A lesson on Kulongoski’s taxing ways

During the 1984 presidential debates leading up to Ronald Reagan’s reelection, a clueless Walter Mondale (D-MN), pointing at President Reagan, uttered these famous words:

“He won’t tell you that he is going to raise your taxes, I just did.”

Mondale went on to get his butt kicked in a landslide victory by one of history’s most popular presidents. And that was the last time a prominent Democrat publicly acknowledged his or her intention to raise taxes during a campaign. Now that doesn’t mean that they don’t intend to raise your taxes, it simply means they won’t publicly acknowledge it.

Take for instance, Gov. Ted Kulongoski. During his 2002 campaign for governor, Kulongoski with jaw jutting and eyes steely, looked deep into the television camera and stated that Oregon would simply have to learn to live within its means and promised not to raise the taxes for Oregon’s working men and women.

But the ink was hardly dry on his certificate of election than Kulongoski backed a massive tax increase referred to the voters under Measure 28. On January 28, 2003, the voters soundly rejected that tax increase. (Given Kulongoski’s narrow margin of victory over Kevin Mannix in that election, one wonders whether the results would have been different if Kulongoski had been honest with voters about his intention to support the tax increase.)

In the aftermath of the defeat of Measure 28, Kulongoski gathered with his Democrat colleagues in the House and the Senate and once again intoned that Oregonian’s had sent a clear message that they wanted Oregon to live within its means. He stated that new taxes were “off the table” for addressing Oregon’s budgetary concerns. Then House Minority Leader, Deborah Kafoury (D-Portland) pounded the table and announced that she was done fooling around and was there to take names and kick – well you know – derrière. Then Sen. Minority Leader, Kate Brown (D-Portland), while privately arguing that voters didn’t know what they were doing, joined in the public chorus of tough talk and grim faces.

And again, before the ink was dry on the Democrats’ press releases, Gov. Kulongoski and the Democrats (joined by a few dissident Republicans) tried to bypass the voters and enact an even larger tax increase. Despite an intentional reduction in the timeline by the legislature, Citizens for a Sound Economy (now FreedomWorks) and Taxpayer Association of Oregon hastily gathered about twice the signatures necessary to refer the tax increase (Measure 30) to the voters. On February 3, 2004, the voters once again overwhelmingly rejected the tax increase. Kulongoski had been in office for less than thirteen months and he had twice broken his campaign promise not to raise taxes.

But the story doesn’t end there. Gov. Kulongoski, having failed once in a referral and again in trying to blow one past the voters, decided that the direct, frontal approach to raising taxes wasn’t going to work. So the governor tried a new tack – a hide-the-ball tack. He and his Democrat legislative colleagues supported by their friends in the public employees unions (the chief beneficiaries of any tax increase) began talking about reducing “tax expenditures.” For the uninitiated, “tax expenditures” is code for raising your taxes by reducing your deductions.

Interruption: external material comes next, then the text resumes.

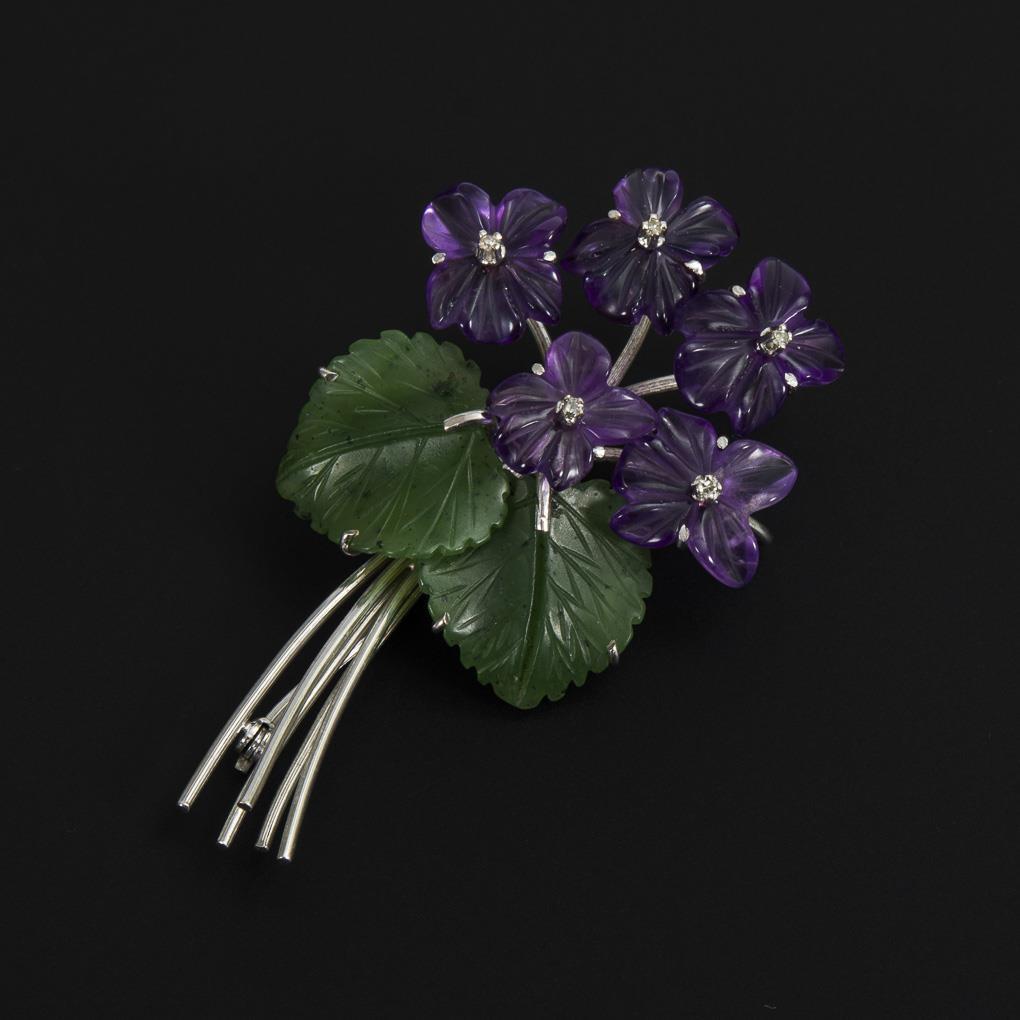 Brooch with cut amethyst flowers, pair of nephrite leaves and small diamonds. Sliding hook.

It arises out of some bizarre notion by the big government crowd that all the money you earn is somehow the property of the government and that any of it that they allow you to keep is a “government expenditure”, thus the term “tax expenditure.” That proposition failed to catch fire in the last legislative session primarily because House Speaker Karen Minnis (R- Wood Village) and the Republican controlled House wanted nothing to do with such a perversion.

Are you keeping track? That’s three times in less than three years that Kulongoski made a run at raising your taxes.

And in the immortal words of Yogi Berra, “It ain’t over ’til it’s over.” Kulongoski, his Democrat legislative colleagues and his pals in the public employees unions are now demanding that the government keep the popular “kicker” – all $880M. (In order of magnitude, that approximates the biennial tax increases in Measure 28 and Measure 30.)

Let’s be clear, you can raise taxes by increasing the rate (Measures 28 and 30, by reducing the deductions (“tax expenditures”) and by refusing to give the refunds back (the “kicker”). In each instance, it will result in less money in the pockets of taxpayers and more unsustainable spending by the government. (By the way, Kulongoski wants to add the $880M to the already projected spending increase of $1.1B – a nearly $2B increase in the growth of government.)

Okay, to summarize. Kulongoski ran on a platform of fiscal restraint and no new taxes. We are three and one-half years into his term. In the space of that time he has made a run at raising your taxes four times. Come on, Ted, at least do a “Mondale” and tell the people during this election that you intend to raise their taxes.

The gubernatorial election could come down to something as simple as whether you will support the candidate who broke his promise about “no new taxes” (Kulongoski), the candidate who supports a $1.1B tax increase through a sales tax (Westlund), or the candidate who promises to cut government by ten percent (Saxton). You decide.